A compound contains only carbon, hydrogen, and oxygen. Combustion of 10.68 \(\mathrm{mg}\) of the compound yields 16.01 \(\mathrm{mg}\) \(\mathrm{CO}_{2}\) and 4.37 \(\mathrm{mg} \mathrm{H}_{2} \mathrm{O}\) . The molar mass of the compound is 176.1 \(\mathrm{g} / \mathrm{mol} .\) What are the empirical and molecular formulas of the compound?
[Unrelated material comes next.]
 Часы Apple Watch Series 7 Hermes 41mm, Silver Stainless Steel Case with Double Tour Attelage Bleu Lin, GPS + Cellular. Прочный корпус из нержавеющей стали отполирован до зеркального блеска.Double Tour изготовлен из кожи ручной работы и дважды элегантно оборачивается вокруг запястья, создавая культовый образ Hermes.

Use the masses of \(\mathrm{CO}_{2}\) and \(\mathrm{H}_{2}\mathrm{O}\) produced to calculate the moles of each. Molar mass of \(\mathrm{CO}_{2} = 12.01 + (2 \times 16.00) = 44.01 \: \mathrm{g}/\mathrm{mol}\) Molar mass of \(\mathrm{H}_{2}\mathrm{O} = (2 \times 1.01) + 16.00 = 18.02 \: \mathrm{g}/\mathrm{mol}\) Moles of \(\mathrm{CO}_{2} = \frac{16.01 \: \mathrm{mg}}{44.01 \: \mathrm{g/mol}} = 0.3635 \: \mathrm{mol}\) Moles of \(\mathrm{H}_{2}\mathrm{O} = \frac{4.37 \: \mathrm{mg}}{18.02 \: \mathrm{g/mol}} = 0.2426 \: \mathrm{mol}\)
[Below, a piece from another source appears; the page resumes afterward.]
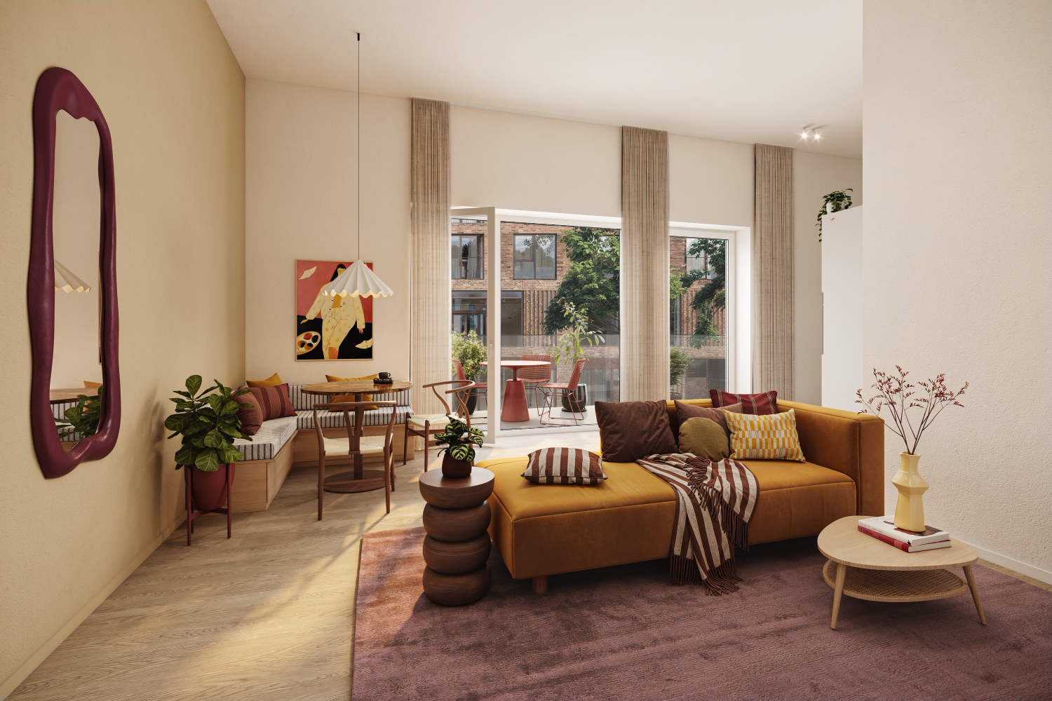 Maar City is meer dan wonen. Het is leven in de volle breedte, zoals je in een stad verwacht. Aan de levendige plint van het blok vind je een supermarkt, een sportschool en een collectieve fietsenstalling, levendige horeca en (creatieve) werkplekken voor startende of groeiende ondernemers. Hier komt alles samen. Vanaf je balkon kijk je uit op het bruisende Bierbrouwersplein van Merwede, waar altijd iets gebeurt. En tegelijkertijd is de natuur nooit ver weg. City grenst namelijk aan het park, met bomen die hoger reiken dan sommige gebouwen.

Use the amount of moles of \(\mathrm{CO}_{2}\) and \(\mathrm{H}_{2}\mathrm{O}\) to find the moles of carbon (C) and hydrogen (H) in the compound. Moles of C: 1 mole of \(\mathrm{CO}_{2}\) has 1 mole of C, so moles of C = 0.3635 \(\mathrm{mol}\) Moles of H: 1 mole of \(\mathrm{H}_{2}\mathrm{O}\) has 2 moles of H, so moles of H = 0.2426 \(\mathrm{mol} \times 2 = 0.4852 \: \mathrm{mol}\)
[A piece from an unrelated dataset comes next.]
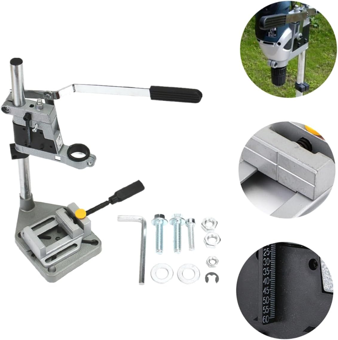 Package List 1 x bracket 1 x flat nose pliers 1 x wrench 1 screws Features - Adjustable clamping range: 38mm-42mm Drill Press Stand. - Color: Silver Drill Press Floor Stand. - Material: Aluminum alloy, plastic, steel Single Hole Drill Rack. - Size: About 50.00X14.50X14.50cm/19.65X5.70X5.70inch Drill Press Table. - This drill stand allows for much more accurate drilling than hand-held operation Stand for Drill Press. - Great for rotary tools, power Drill, bench clamp, for home garage use Bench Clamp Holder. - This is a new adjustable drill stand, for shop or home use, hobby tools Adjustable Drill Stand. - This drill stand is great for holding your drill steady during working time Drill Press Rack - It is made of aluminum alloy, plastic and steel materials and has a Drill Press Holder.Goods DescriptionBench Clamp Holder This accessory is great for any DIY lover or professional.Stand for Drill Press The drill press stand is a professional-grade tool, great for holding your drill steady during use, allowing for much more accurate drilling than hand-held operation.Drill Press Floor Stand Designed for use with any power drill with collar diameter ranging from 38mm to 42mm
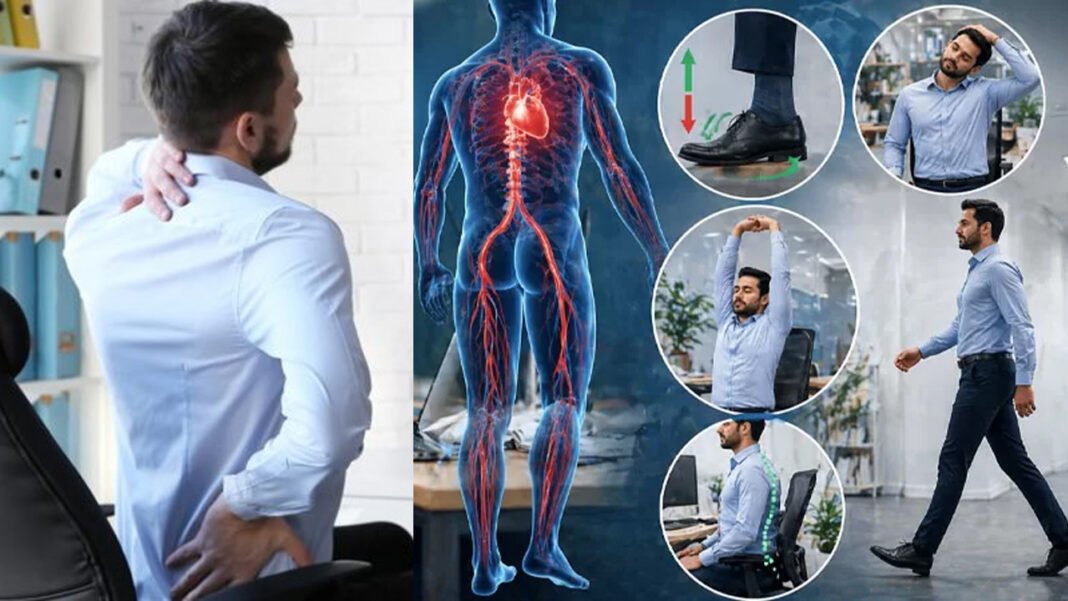 തുടർച്ചയായി ഇരിക്കുന്നത് കാലുകളിലേക്കുള്ള രക്തപ്രവാഹം തടസ്സപ്പെടുത്തുകയും വെരിക്കോസ് വെയ്ൻ, കാലിലെ വീക്കം, രക്തം കട്ടപിടിക്കൽ തുടങ്ങിയ പ്രശ്നങ്ങൾക്ക് കാരണമാകുകയും ചെയ്യാം. ഇതിന് പരിഹാരമായി വിദഗ്ധർ നിർദ്ദേശിക്കുന്നത് ഓരോ മണിക്കൂറിലും കണങ്കാൽ മുകളിലേക്കും താഴേക്കും ഏകദേശം 30 തവണ ചലിപ്പിക്കുന്നതാണ്. വെറും 30 സെക്കന്റ് മാത്രം വേണ്ടിവരുന്ന ഈ ലഘുവ്യായാമം രക്തപ്രവാഹം മെച്ചപ്പെടുത്താനും പേശികൾക്ക് കരുത്ത് നൽകാനും സഹായിക്കും.

Use the moles of C and H found previously to calculate their respective masses. Mass of C = 0.3635 \(\mathrm{mol} \times 12.01 \: \mathrm{g}/\mathrm{mol} = 4.364 \: \mathrm{mg}\) Mass of H = 0.4852 \(\mathrm{mol} \times 1.01 \: \mathrm{g}/\mathrm{mol} = 0.490 \: \mathrm{mg}\)

Use the initial mass of the compound and subtract the masses of C and H to find the mass of oxygen (O). Mass of O = Total mass - Mass of C - Mass of H = 10.68 \: \mathrm{mg} - 4.364 \: \mathrm{mg} - 0.490 \: \mathrm{mg} = 5.826 \: \mathrm{mg}$

Use the mass of O to determine the moles of O in the compound. Moles of O = \(\frac{5.826 \: \mathrm{mg}}{16.00 \: \mathrm{g}/\mathrm{mol}} = 0.3641 \: \mathrm{mol}\)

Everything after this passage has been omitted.